The country plans to produce 450 gigawatts of power through solar power and other renewable energy sources by 2030, AFP reported.

PM Narendra Modi’s Pledge For A Greener Future For India At COP26

Prime Minister Narendra Modi, at the ongoing COP26 climate summit in Glasgow, has pledged that by 2030, India will produce more energy through solar and other renewables.

Modi said at COP26, “First, India will increase its non-fossil energy capacity to 500 gigawatts… Second, by 2030, 50 percent of our energy requirements will come from renewable sources”. 

India’s Bhadla Solar Park

India’s Bhadla Solar Park is the largest solar park in the world as of 2020, with 2,245 megawatts of commissioned solar projects.

Around 10 million blue solar panels in the solar park stretch over an area of 5,700 hectares in Bhadla, a village in Jodhpur district of the arid state of Rajasthan. The area is almost the size of San Marino. 

Officials say Bhadla Park is perfectly placed for the solar power revolution as the park sees 325 sunny days each year. Dust and sand accumulated on the solar panels are cleaned by robots. A few hundred humans monitor the park.

India’s Increasing Demands For Energy

India, which has a population of around 1.3 billion, is on the frontline of climate change and has a huge demand for energy.

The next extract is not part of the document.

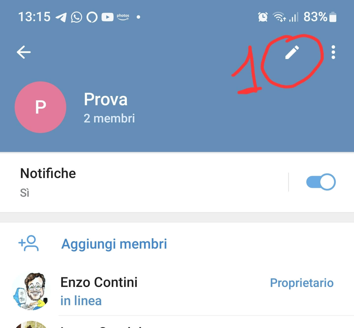 - Si tocca l’icona di matita in modo da entrare nella sezione che consente di modificare le proprietà relative a quel gruppo;

According to the International Energy Agency (IEA), India will have to expand its power system in the next two decades, in order to meet the growing energy demands, and has to tackle toxic air quality in big cities at the same.

India is also the world’s third-biggest carbon emitter. 

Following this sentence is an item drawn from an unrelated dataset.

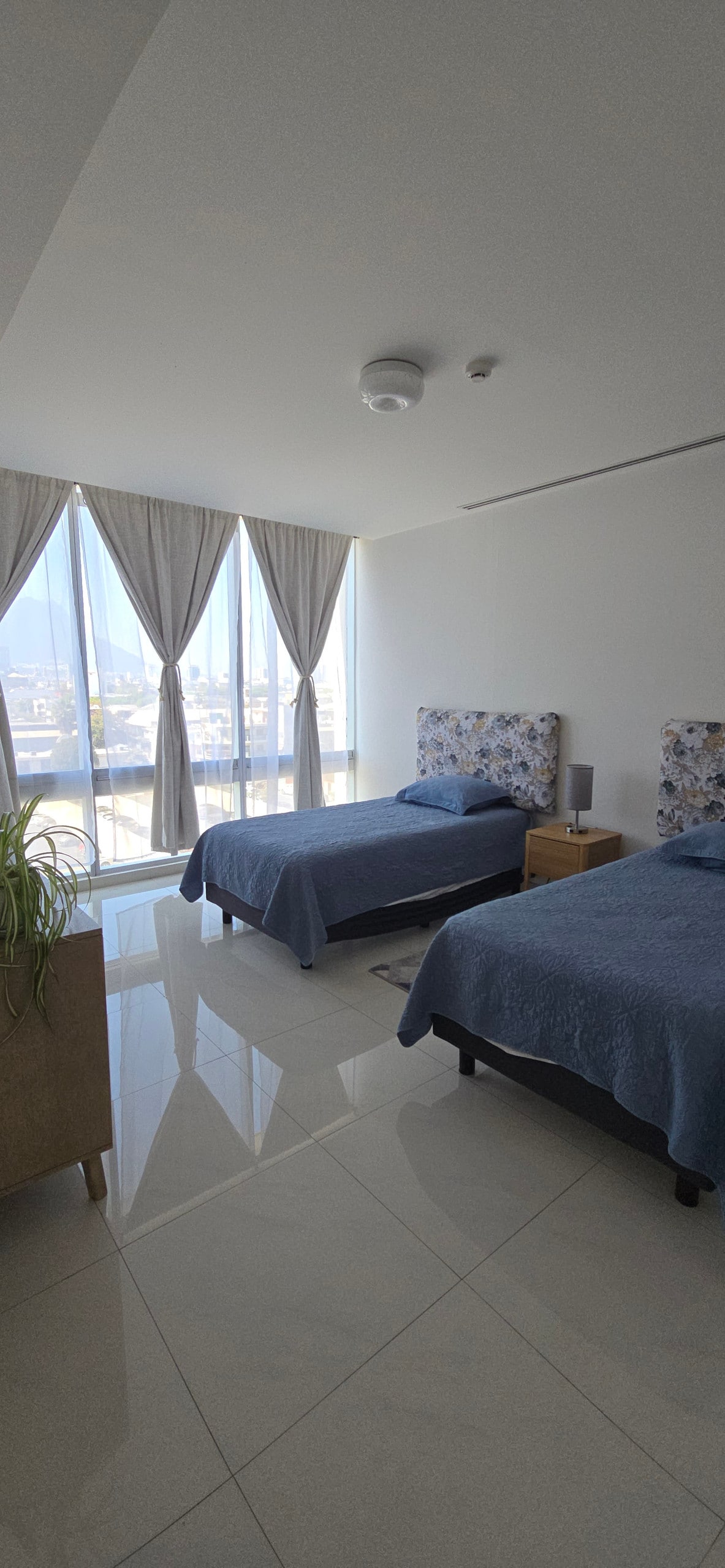 Nuestro departamento es totalmente independiente cuenta con area de alberca gimnasio y lavanderia en area comun Tenemos un sofa cama ademas de la cama matrimonial Estamos muy cerca del tec de monterrey, esfera, pueblo serena, nuevo sur, paseo tec y de galerias valle oriente, plaza fiesta san agustin y palacio de hierro ademas muy cerca de fundidora en carro estamos a 5 min Cerca de Cintermex, Arena Monterrey, Auditorio Banamex y Pabellon M No se permiten fiestas en nuestras instalaciones

Experts believe it will take a long time for India to reach its green targets because coal is likely to remain a significant source of power generation in the coming years.

Quoting Vinay Rustagi from renewable energy consultancy Bridge to India, the AFP report said India’s green energy ambitions are an aspirational target to show the world we are moving in the right direction. But the ambition seems “highly unrealistic”, in view of various demand and supply challenges, he added. 

Subodh Agarwal, Rajasthan’s additional chief secretary for energy, said solar panels being seen over large land areas is “a huge transformation”, mentions the report.

Agarwal said Rajasthan will be the solar state by the next decade. 

The Bhadla Solar Park is an example of how innovation, technology, and public and private finance can result in rapid changes. 

This year, India’s green energy has increased to 100 gigawatts, which is five times what was generated from renewable sources a decade back. 

India will be able to meet its 2030 goals if the green energy sector grows at the same pace.

Huge Investments Needed To Develop India’s Green Energy Sector

The IEA, before Modi’s announcement on green energy at COP26, suggested solar and coal will converge at around 30 per cent each by 2040. 

Solar power accounts for four per cent of electricity generation at present. PM Modi is also setting up a renewable park the size of Singapore in Gujarat.

The Indian Prime Minister also announced at COP26 that India would become carbon neutral by 2070. He said finance from rich, historic emitters is important to fulfil such emissions-cutting pledges.

Addressing more than 120 leaders at COP26, Modi said, “India expects developed countries to provide climate finance of $1 trillion at the earliest. Today it is necessary that as we track the progress made in climate mitigation, we should also track climate finance”.

Asia’s two richest men Mukesh Ambani and Gautam Adani, and other Indian billionaires, are pledging huge investments in India’s green energy sector.